2020 is a year. 

 

You, along with millions of other US citizens, may have suddenly found yourself out of work and on unemployment. You may or may not have opted to have taxes taken out of your unemployment, but if you didn’t, what does this mean?

 

Unemployment is taxable!  

You must report all unemployment when you file your taxes.   All of the unemployment add-ons ( the CARES Act $600 unemployment bump, PUA, PPP, etc) are also taxable and must be claimed.   

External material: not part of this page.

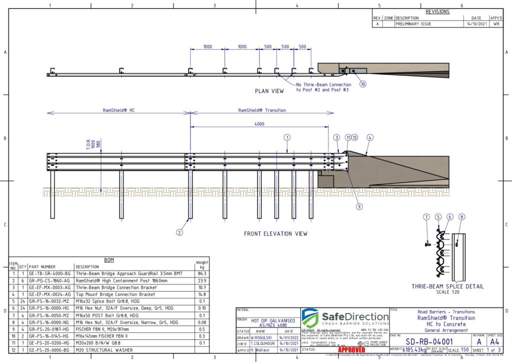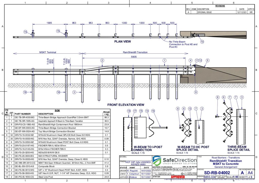 The installation of the RamShield Transition does not require blocking pieces, however, at constrained sites where a kerb or an underground service interferes with the alignment of the posts, a 200mm blocking piece may be installed at each post between the thrie-beam guardrail.

Withholding taxes from unemployment is voluntary and it’s sometimes very easy to overlook the area you need to fill out to do it (for some states, it’s just a box you need to check).  Also, the taxes UI withholds is a flat 10%, so you are likely going to still owe more come tax time.   

 

What If I Didn’t Withhold Taxes?

If you didn’t opt to have any taxes taken out, or you missed where to do it when you filed, you can attempt to contact unemployment to have them fix it, or cancel and refile your claim – but with the mess that is unemployment in many states, this isn’t recommended.  

 

Your best course of action is to take out that same percent yourself (or preferably more) and put it into a savings account specifically for paying taxes.  You can also make estimated tax payments instead. There are quarterly deadlines each year (2020’s have already passed), but you can start making payments now at https://www.irs.gov/payments.

For more information, including some helpful worksheets and a Tax Estimator, see Form 1040-ES and Publication 505, available on IRS.gov.  You can also contact your CPA and discuss your best course of action with them.  Remember: 

 

Tax Planning is the best way to avoid paying too much in taxes.